Not only did it stand up the strains of farming, he was able
to regularly pull a five-bottom plow. Shortly afterward, Crozier was
elected to the Nebraska legislature.
In 1919, Representative Crozier and Senator Charles Warner
introduced legislation that resulted in the Nebraska Test Law. The law
required that any tractor so in the state of Nebraska had to be
certified by the state. The state was to test the tractors to see that
they lived up to their advertised claims. The University of Nebraska's
Agricultural Engineering Department would conduct the tests. L. W.
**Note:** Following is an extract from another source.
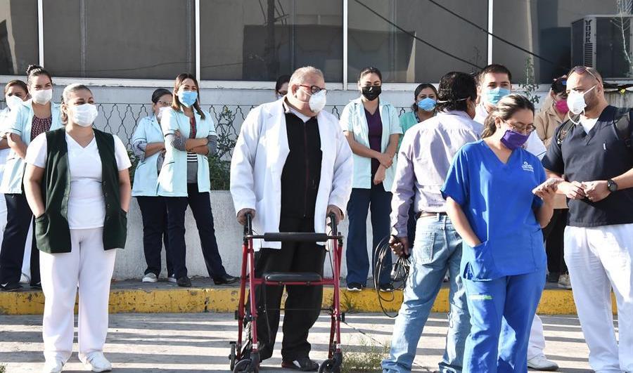“Llegaban por centenas de otros hospitales con sus enfermos sin oxígeno y los teníamos que rechazar porque ya no teníamos ni un solo respirador, ni una sola cama”, cuenta en entrevista con este diario después de una protesta en el Zócalo de la Ciudad de México en plena fase 3 de la pandemia por los derechos laborales y equipo para hacer frente a COVID-19 sin infectarse.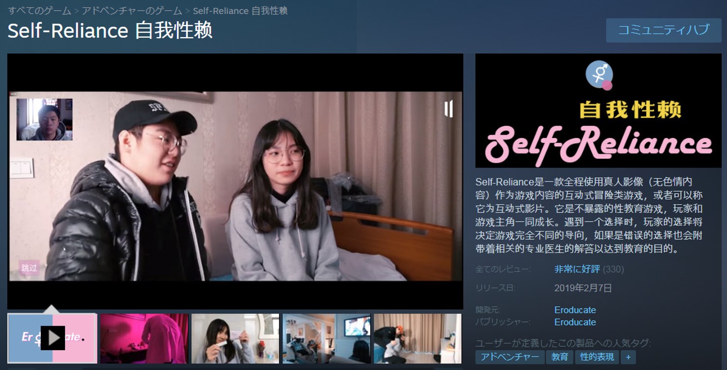 中国・上海の中高生が開発した性教育を題材とした、インディゲーム『Self-Reliance 自我性頼』がSteamで配信され好評を博している。

Chase and Claude Shedd devised the tests and the test equipment, which
have since become standards for the world.
The first test was made in the fall of 1919 (things happened a lot
faster in those days) of a Twin City 12-20, but could not be completed
because of snowfall. The first complete test was made in the spring of
1920. A certificate was issued for the Waterloo Boy Model N.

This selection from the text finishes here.